A team of researchers, led by Stony Brook Assistant Professor Roman Kotov, PhD, took a significant step forward in the ongoing effort to develop an empirical system for classifying mental disorders. Their study, titled New Dimensions in the Quantitative Classification of Mental Illness, was published in the October 2011 edition of the Archives of General Psychiatry, the flagship journal of psychiatry.
Psychiatry, unlike other areas of medicine, lacks laboratory tests for objective diagnosis, and the classification of mental disorders itself is decided by expert consensus rather than direct empirical investigation. Over the last decade, researchers have been working to develop an objective classification, using novel statistical techniques such as confirmatory factor analysis. The study by Dr. Kotov and his team is the latest advance in this campaign.

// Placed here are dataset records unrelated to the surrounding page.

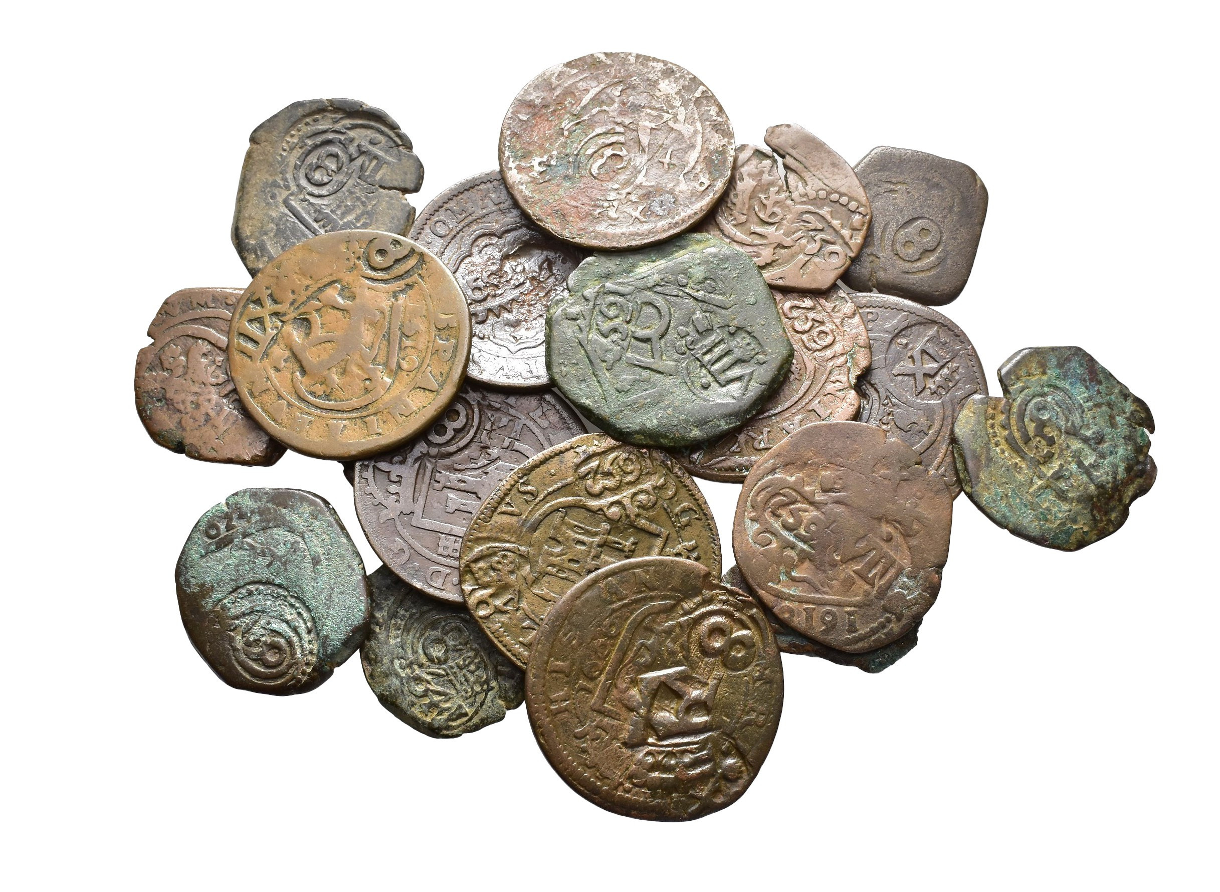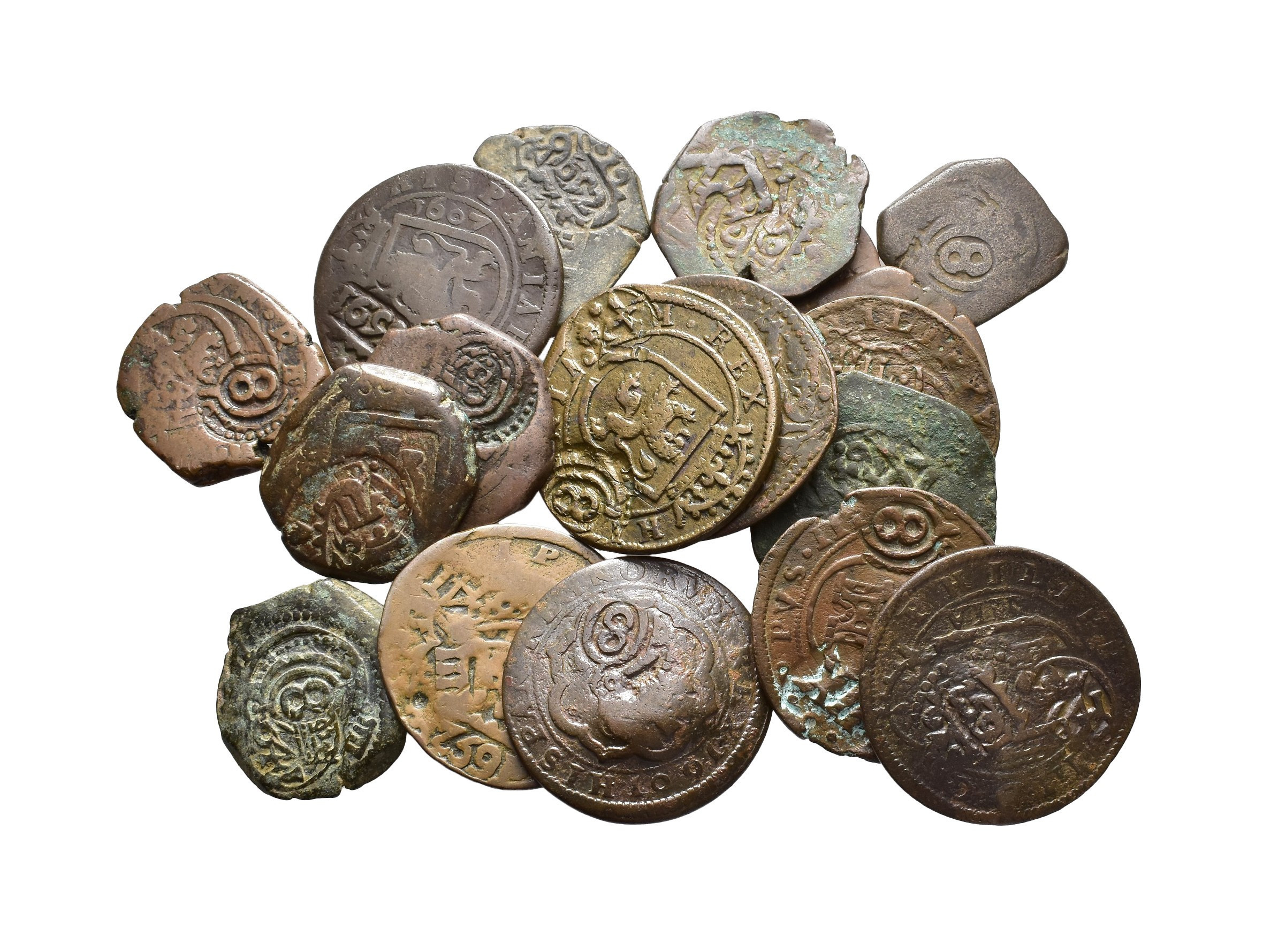 FELIPE IV. Lote de 19 cobres, 8 de Ingenio, con resello 8 maravedís 1652 Coruña con varios resellos. Los resellos BC/MBC.
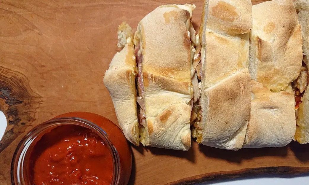 Vzhajane štručke razvaljamo in v vsako položimo najprej dve rezini pršuta, nato pečene trakce ombola. Čez meso potresemo 5 dag naribanega (edamca in parmezana) in na tanke rezine narezan paradižnik. Štručke pred peko še premažemo z oljčnim oljem.
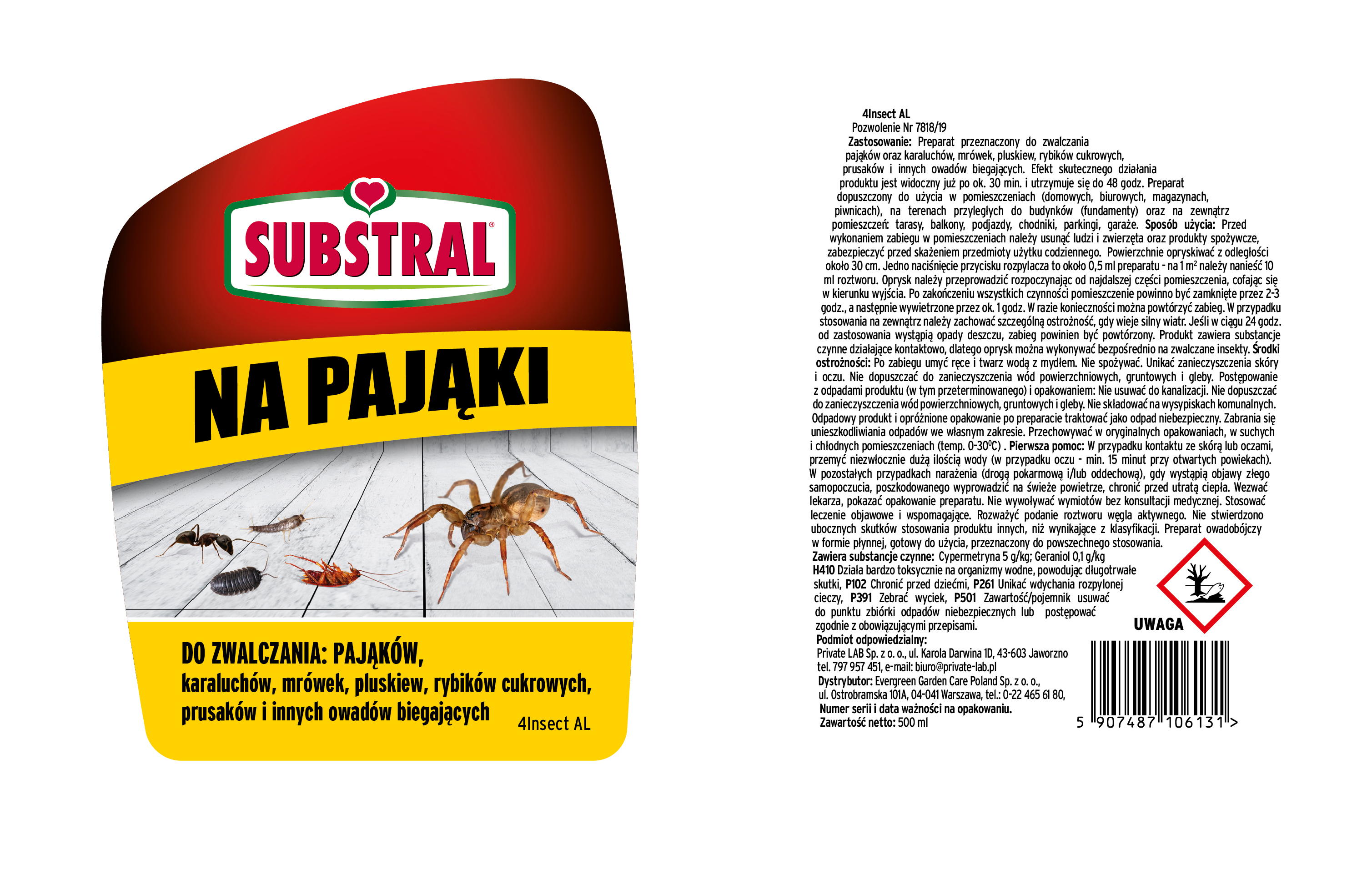Substral na Pająki. Zwalcza pająki. Specjalny preparat zarejestrowany przeciwko pająkom. Do stosowania na zewnątrz i wewnątrz. Gotowy do użycia produkt w formie sprayu. Natychmiastowy efekt.
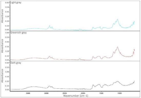 Spectroscopy FT-IR was performed to characterize the paint materials at the functional-group level. The spectra were gained using the Nicolet Summit FT-IR spectrometer (Thermo Fisher Scientific, Waltham, MA, USA) and equipped with the Everest™ Diamond ATR accessory, with an instrumental resolution of 8 cm−1; 32 scans were performed on each sample, and the respective spectra were analyzed using the database library and the scientific literature. The analysis was carried out on 18 samples taken from the areas highlighted in Table 11. Samples (1 × 1 mm) were taken from the selected areas using a scalpel to sample the whole layer structure of the stratigraphy.
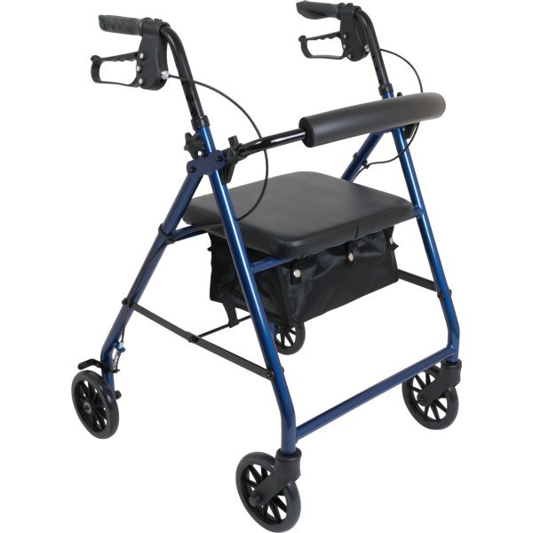 The ProBasics Aluminum Rollator is designed to fit the majority of your patients’ fundamental needs with a focus on style and affordability. Constructed of lightweight aluminum, it offers great maneuverability and stability. Equipped with easy-to-operate ergonomic hand brakes, a removable padded backrest and a water-resistant nylon pouch. Easily folds for storage and transport with built-in fold strap. Supports patient weights up to 300 pounds.
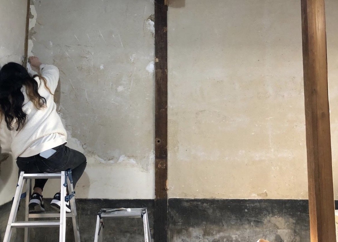 また、1階テイクアウトスペースのクロスのはりかえや壁の補修作業もしました!
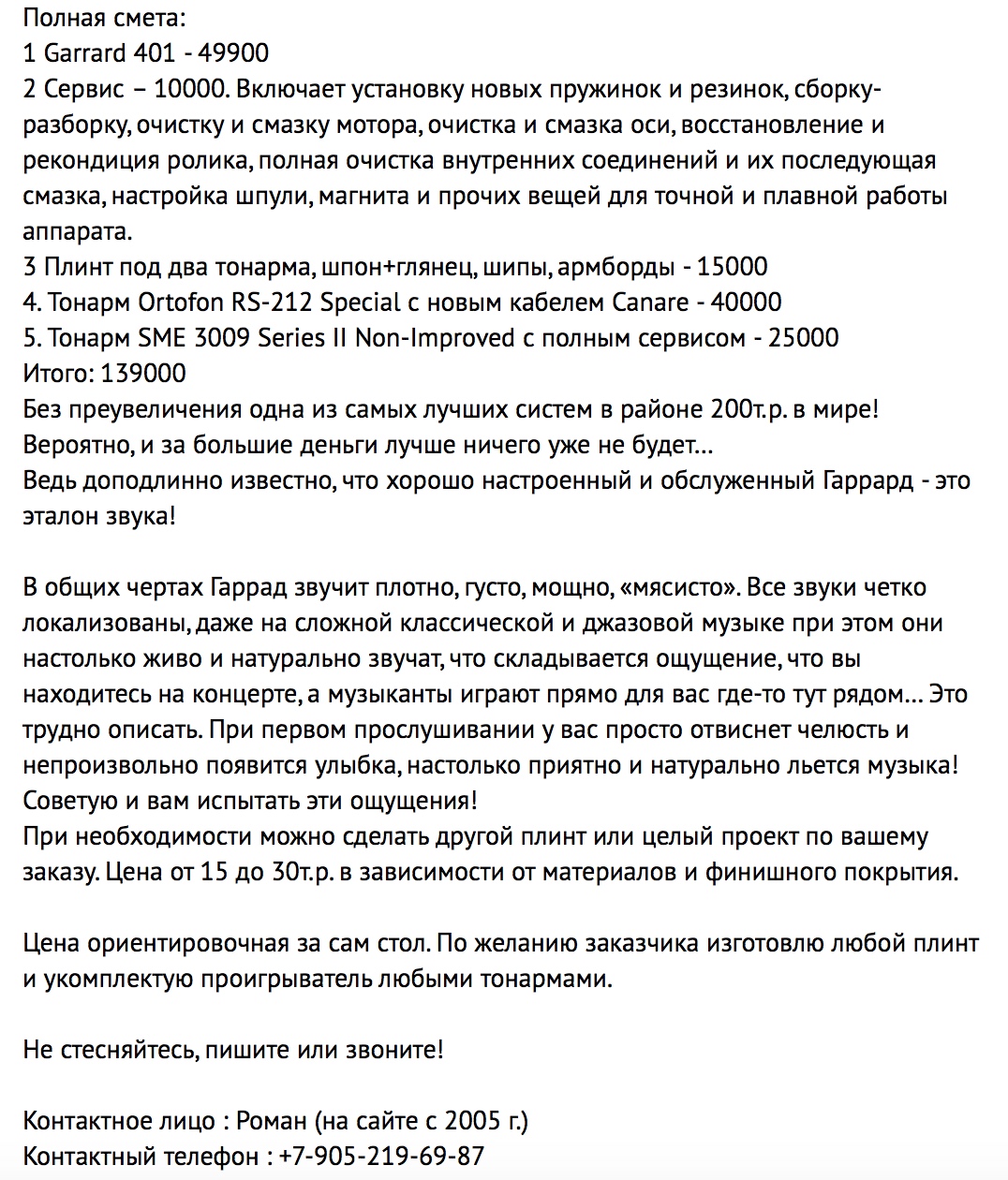 Я понимаю отсылки к старости этих проигрывателей. Но и Вы должны понять, что Ваш сервис серьёзно проигрывает по сравнению с "неспециалистским" сервисом того же Яна. Жалко, что много сообщений в ветке были удалены, хоть я и понимаю, что там много было мусора, но они показывали всю дотошность, с которой Ян подходил к этому проекту! И, простите, ВСЯ информация об этом ЕДИНИЧНОМ случае у Яна сохранилась в полном объёме: кто, когда, что и как делал, по каким чертежам, какие проблемы и проч. Что мы видим в данном случае? "Насколько я помню", "наверное", "забыл", "не успел" и т.д. И это - тот сервис, который Вы продаёте, как авторский и профессиональный.

Their research is based on the premise that patterns of co-occurrence among mental disorders may reveal the natural classification of mental illness. Building on work done by co-author Robert F. Krueger, PhD, and others, Dr. Kotov and his team analyzed co-occurrence among 25 disorders in 2,900 patients seeking psychiatric treatment in a general outpatient practice. They found that the disorders can be grouped into five spectra: internalizing (defined by pervasive distress), externalizing (extremely disinhibited behavior), thought disorder (odd thinking and behavior), somatoform (maladaptive response to physical symptoms), and antagonism (callous antisociality).
The study advances research into the natural classification of psychiatric disorders in several ways. It confirms that the three spectra previously found in community samples—internalizing, externalizing, and thought disorder—apply to a patient population; it identifies two new dimensions—somatoform and antagonism—thus broadening the empirical classification system; and it integrates psychiatric and personality disorders into a single framework. The study used state-of-the-art diagnostic and statistical techniques to analyze a broad range of mental disorders in a large clinical sample, making it the most comprehensive study of its type to date.
The 7-spectra model, imbedded in the current Diagnostic and Statistical Manual of Mental Disorders, explained the data so poorly that it ranked last among all the models tested. “It is patently clear that the existing diagnostic system fails to meet the needs of clinicians and inhibits psychiatric research,” said Dr. Kotov. “The emerging empirical classification promises to facilitate research on genetic and neurobiological underpinnings of mental disorders and to offer a better guide to treatment.”
Dr. Kotov is faculty member of the Department of Psychiatry and Behavioral Science at Stony Brook University. Additional co-authors are Camilio J Ruggero, PhD; Robert F. Krueger, PhD; David Watson, PhD; Qilong Yuan, PhD; and Mark Zimmerman, MD.